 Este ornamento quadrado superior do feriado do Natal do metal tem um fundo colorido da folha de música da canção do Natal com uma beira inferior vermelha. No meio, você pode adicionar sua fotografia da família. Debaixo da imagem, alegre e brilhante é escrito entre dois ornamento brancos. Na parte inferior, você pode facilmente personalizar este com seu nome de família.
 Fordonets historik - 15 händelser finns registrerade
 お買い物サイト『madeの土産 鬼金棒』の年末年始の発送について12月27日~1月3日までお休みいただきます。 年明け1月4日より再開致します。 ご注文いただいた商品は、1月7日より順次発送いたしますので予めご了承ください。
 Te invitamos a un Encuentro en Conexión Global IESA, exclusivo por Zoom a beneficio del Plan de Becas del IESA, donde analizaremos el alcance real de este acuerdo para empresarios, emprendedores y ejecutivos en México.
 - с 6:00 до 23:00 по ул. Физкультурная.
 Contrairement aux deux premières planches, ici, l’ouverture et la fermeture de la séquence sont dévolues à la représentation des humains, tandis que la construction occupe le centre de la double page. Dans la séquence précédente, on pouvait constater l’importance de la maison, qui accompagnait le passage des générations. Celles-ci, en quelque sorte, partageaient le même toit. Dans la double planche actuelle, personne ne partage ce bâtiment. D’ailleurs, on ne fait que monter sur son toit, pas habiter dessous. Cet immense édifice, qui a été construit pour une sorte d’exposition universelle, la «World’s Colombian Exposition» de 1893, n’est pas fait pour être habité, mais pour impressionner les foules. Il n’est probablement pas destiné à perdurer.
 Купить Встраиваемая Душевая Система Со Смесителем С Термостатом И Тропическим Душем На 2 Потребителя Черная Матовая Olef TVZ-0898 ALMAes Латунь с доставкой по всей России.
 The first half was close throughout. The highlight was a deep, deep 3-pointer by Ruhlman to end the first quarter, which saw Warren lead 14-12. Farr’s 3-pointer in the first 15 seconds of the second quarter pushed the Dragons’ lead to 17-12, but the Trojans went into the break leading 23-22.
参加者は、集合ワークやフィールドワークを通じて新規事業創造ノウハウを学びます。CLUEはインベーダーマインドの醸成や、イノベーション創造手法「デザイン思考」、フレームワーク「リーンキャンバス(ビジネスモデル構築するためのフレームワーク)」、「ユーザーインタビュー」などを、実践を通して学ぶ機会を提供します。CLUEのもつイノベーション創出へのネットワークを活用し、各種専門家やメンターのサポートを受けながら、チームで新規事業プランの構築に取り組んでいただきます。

---

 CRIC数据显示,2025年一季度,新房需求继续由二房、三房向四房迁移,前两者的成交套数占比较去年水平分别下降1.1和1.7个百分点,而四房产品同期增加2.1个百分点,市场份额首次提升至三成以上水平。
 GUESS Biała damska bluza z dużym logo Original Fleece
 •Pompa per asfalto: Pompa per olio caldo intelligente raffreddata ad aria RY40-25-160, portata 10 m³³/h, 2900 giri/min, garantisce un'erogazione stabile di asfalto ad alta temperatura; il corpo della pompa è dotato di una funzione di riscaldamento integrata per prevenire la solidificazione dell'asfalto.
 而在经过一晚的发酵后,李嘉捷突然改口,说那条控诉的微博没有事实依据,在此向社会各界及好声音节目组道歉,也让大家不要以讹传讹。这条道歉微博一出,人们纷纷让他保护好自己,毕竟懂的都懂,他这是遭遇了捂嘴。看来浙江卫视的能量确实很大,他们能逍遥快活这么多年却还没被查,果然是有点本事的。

EXERCISE BRIEF:
If a line in the records above includes the string "este", copy it.

RESPONSE TO THIS TASK:
 Este ornamento quadrado superior do feriado do Natal do metal tem um fundo colorido da folha de música da canção do Natal com uma beira inferior vermelha. No meio, você pode adicionar sua fotografia da família. Debaixo da imagem, alegre e brilhante é escrito entre dois ornamento brancos. Na parte inferior, você pode facilmente personalizar este com seu nome de família.
 Te invitamos a un Encuentro en Conexión Global IESA, exclusivo por Zoom a beneficio del Plan de Becas del IESA, donde analizaremos el alcance real de este acuerdo para empresarios, emprendedores y ejecutivos en México.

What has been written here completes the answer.